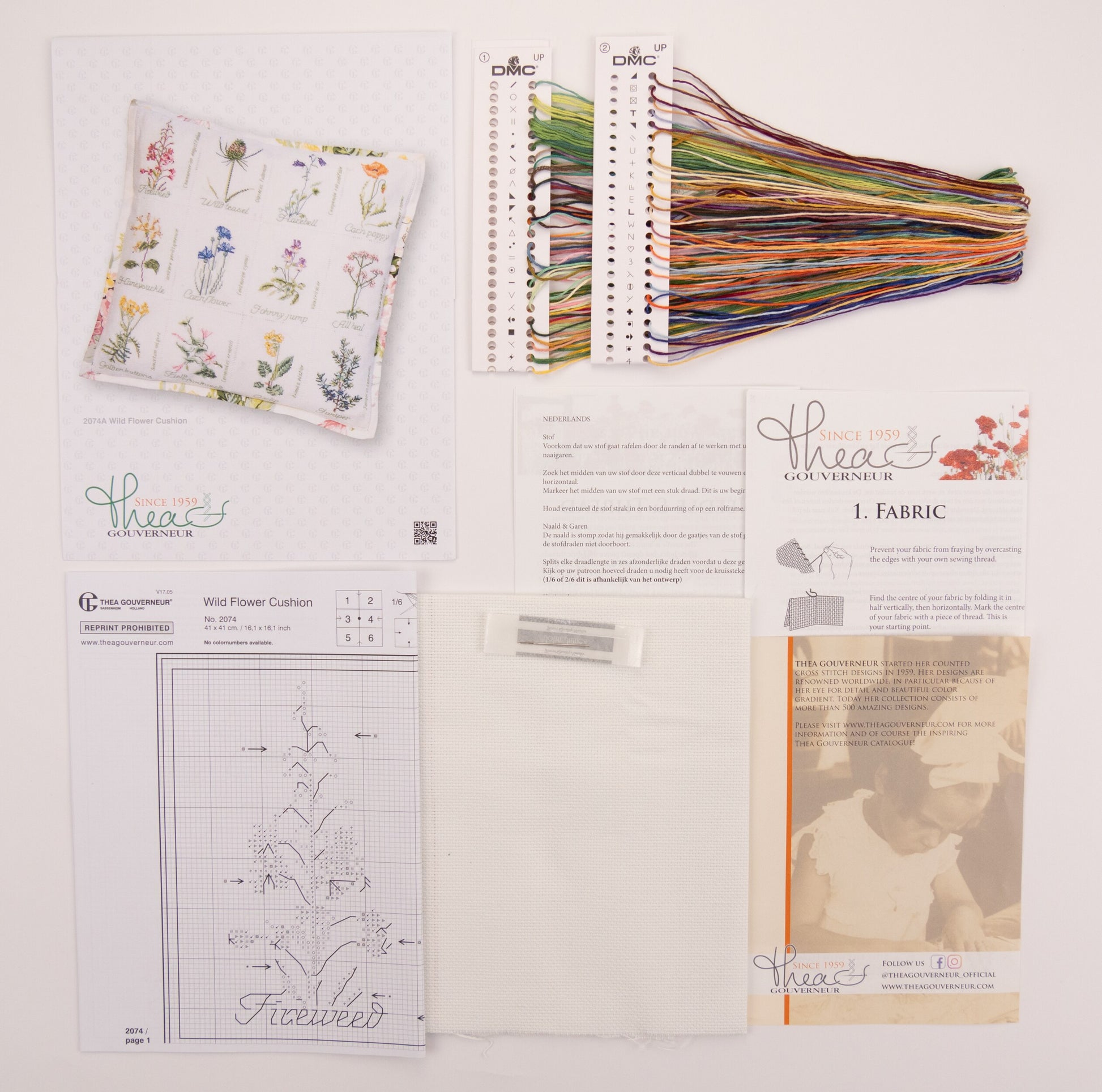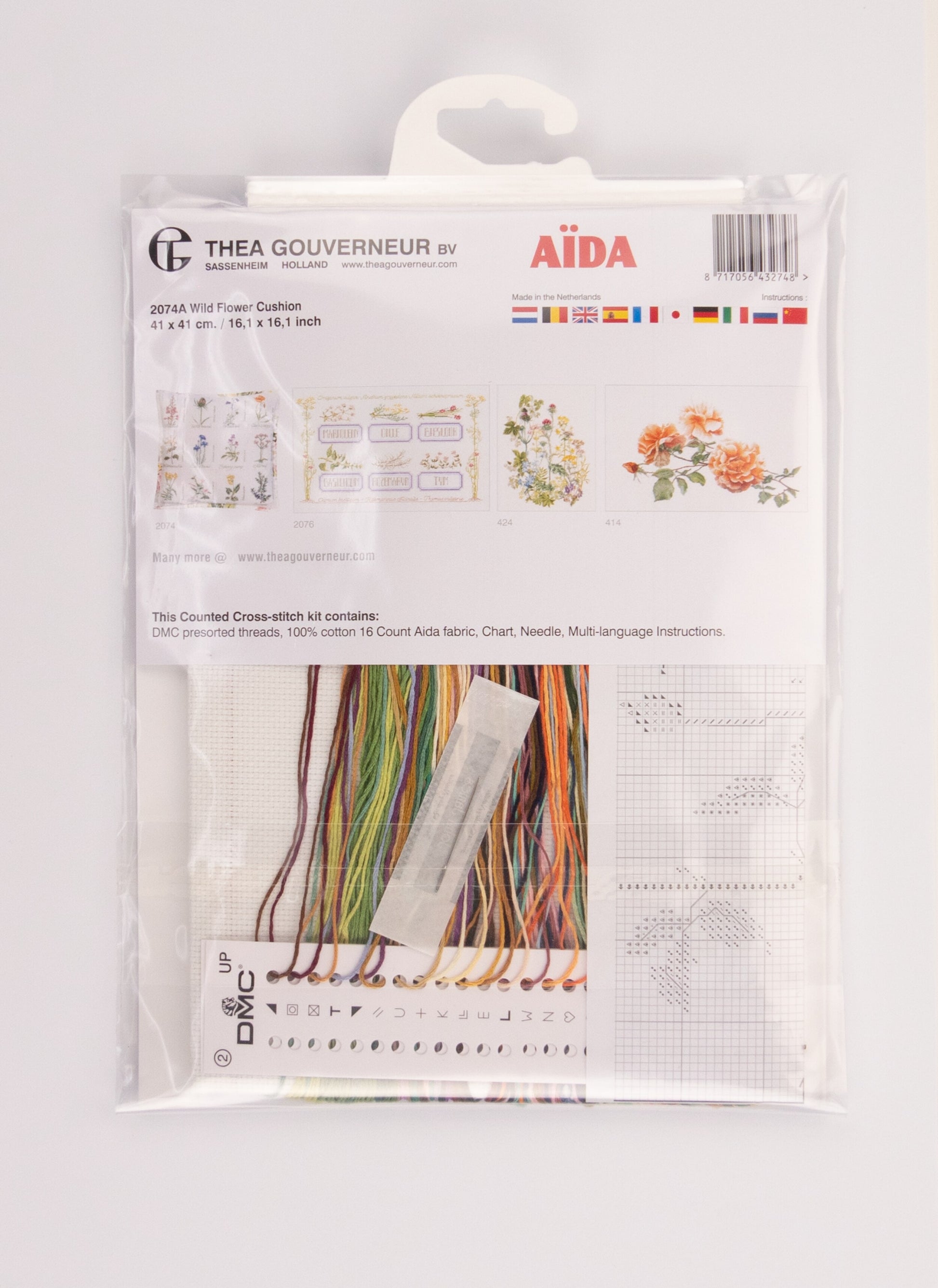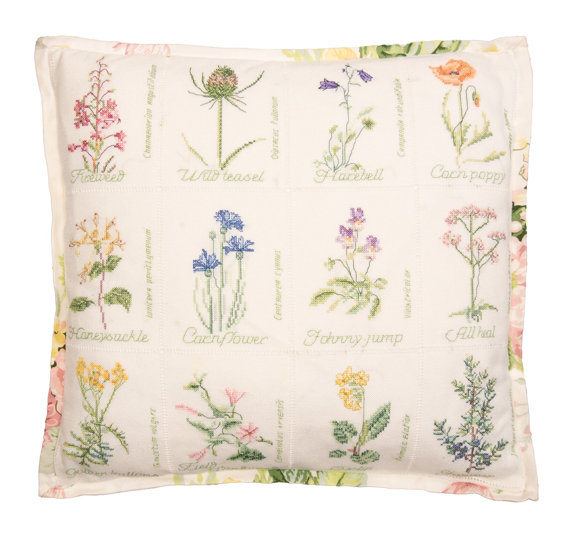 DESIGN: Nature-inspired designs are a highlight of the Thea Gouverneur cross stitch collection. This colorful counted cross stitch pattern for a cushion features wild flowers
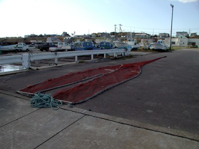 網漁具の全景:漁具は大きく分けて袖網、身網、胴尻の3部分で構成され、袖網には浮子と沈子、身網の入口には口開け棒が、胴尻の最後尾には開閉用のファスナーが付けられている。
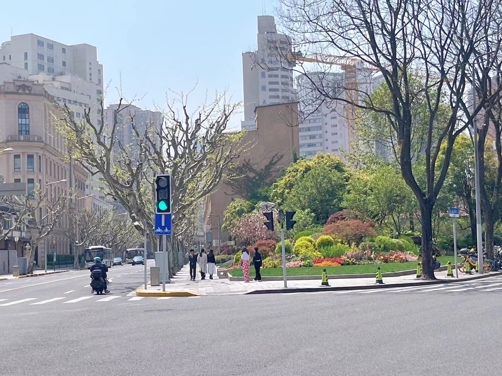 除了栽种晚樱,改造工程还将沿南京西路的步行界面适当拓宽,增强了绿地内外场地的联系,并减少了绿地旁变电站对绿化景观的影响;又重新梳理了绿化空间结构,加入舒适的城市家具,让路口的绿地成为一块周边市民可随时步入的休憩空间。
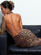 Leopard Print Backless Maxi Dress For Women Gown Halter Strapless Sleeveless Bodycon Printed Long Dress
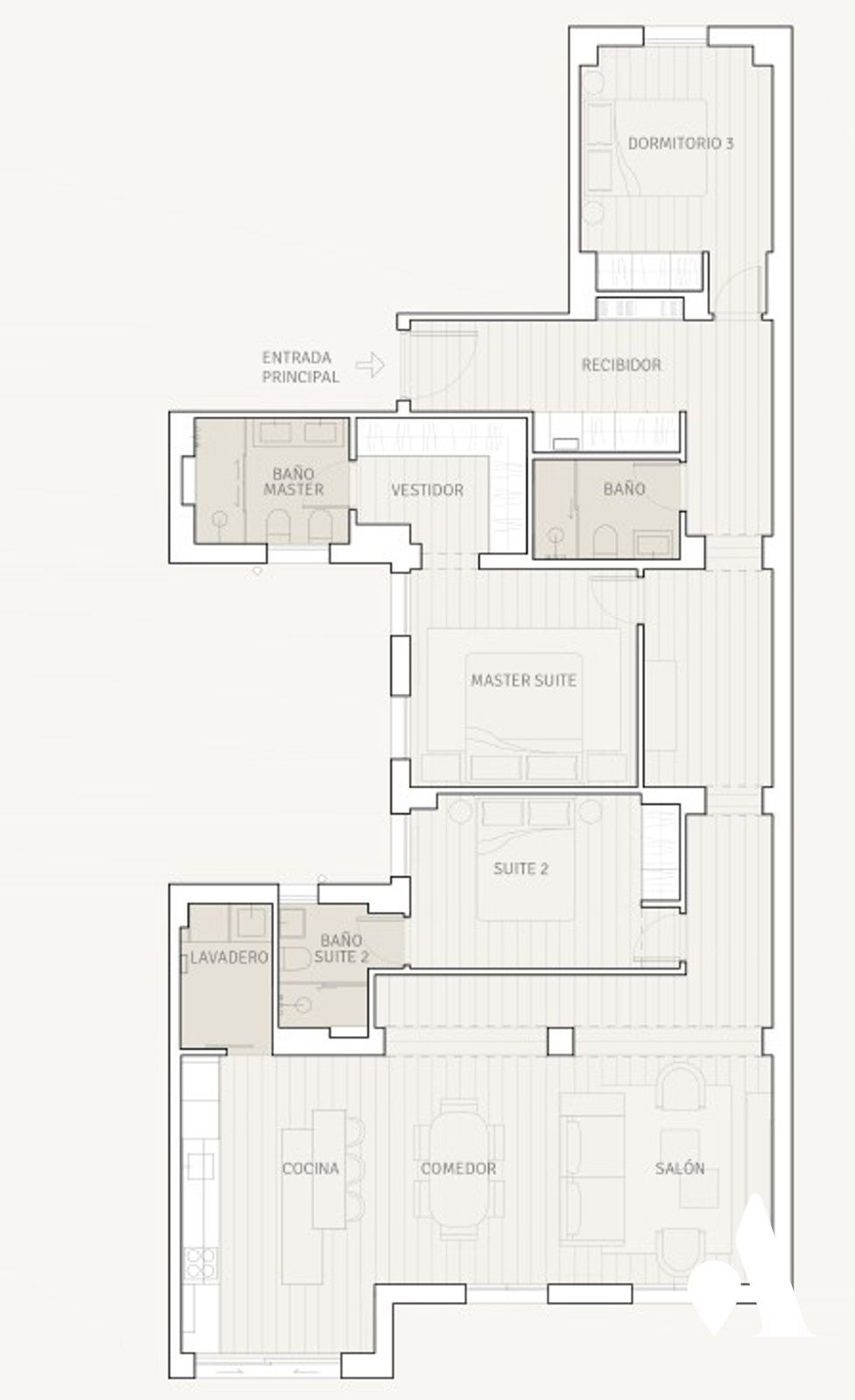 La vivienda ofrece una superficie de 157,00 m2 construidos que se reparten en tres habitaciones y tres baños completos, proporcionando la comodidad necesaria para familias o perfiles que requieren espacios diferenciados para estudio, trabajo y descanso. La distribución está pensada para ampliar la sensación de amplitud, con zonas comunes bien definidas y acabados de calidad. Entre sus elementos destacan armarios empotrados que optimizan el almacenamiento sin sacrificar la estética del conjunto.
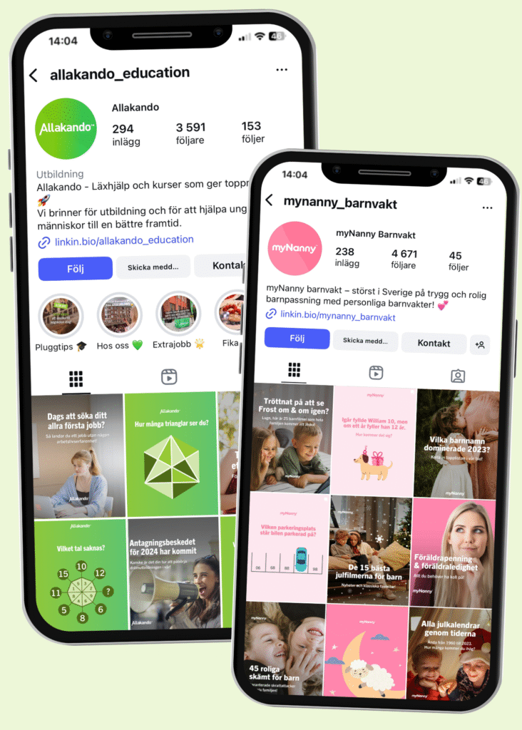 As Marketing Assistant at Allakando, I was tasked with creating Instagram content for both the brand and its sister company, myNanny. Keeping everything on-brand and tailored to our target audience, I designed posts that supported CRM goals while driving followers to articles and blog posts I wrote. From there, readers were guided to key landing pages, helping convert curiosity into results!
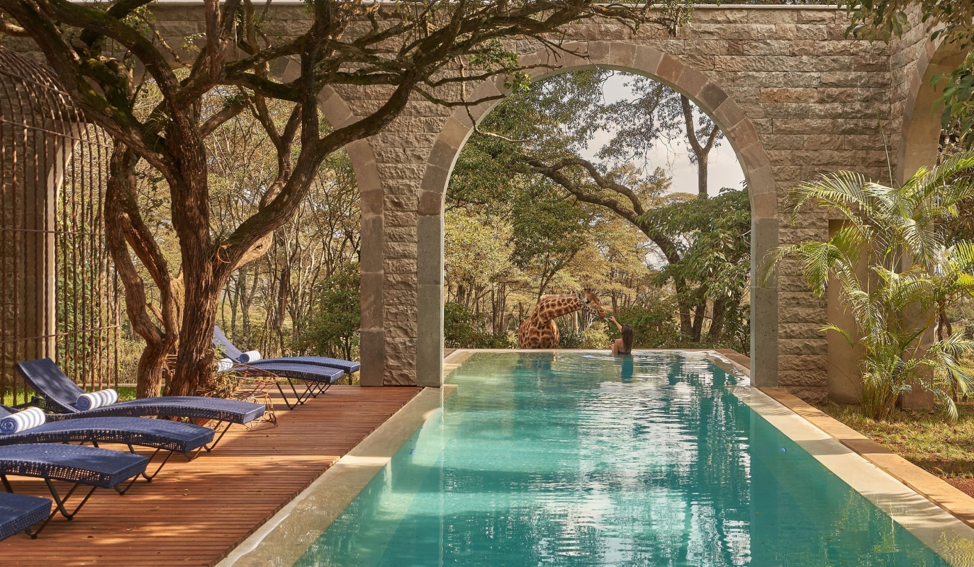 An exclusive boutique hotel surrounded by 12 acres of private land in the leafy suburbs of Nairobi, where guests can interact with a friendly herd of Rothschild giraffes.
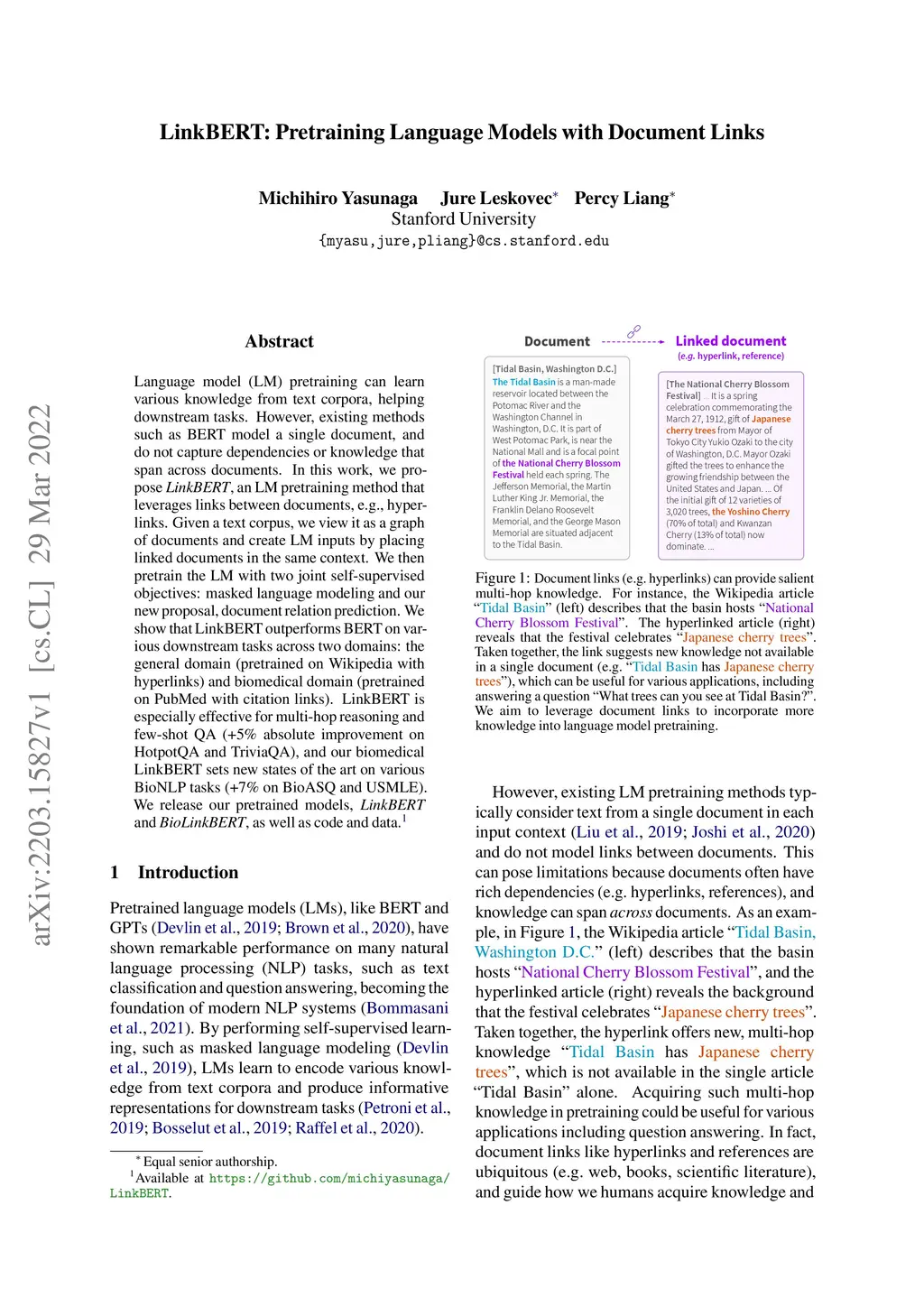 LinkBERT: Pretraining Language Models with Document Links

(ACTIVITY) Keep the pictures out and repeat exactly the lines from the beginning of the data through the line that contains "除了栽种晚樱,改造工程还将沿", both ends included.

(TASK RESULT)
 DESIGN: Nature-inspired designs are a highlight of the Thea Gouverneur cross stitch collection. This colorful counted cross stitch pattern for a cushion features wild flowers
 網漁具の全景:漁具は大きく分けて袖網、身網、胴尻の3部分で構成され、袖網には浮子と沈子、身網の入口には口開け棒が、胴尻の最後尾には開閉用のファスナーが付けられている。
 除了栽种晚樱,改造工程还将沿南京西路的步行界面适当拓宽,增强了绿地内外场地的联系,并减少了绿地旁变电站对绿化景观的影响;又重新梳理了绿化空间结构,加入舒适的城市家具,让路口的绿地成为一块周边市民可随时步入的休憩空间。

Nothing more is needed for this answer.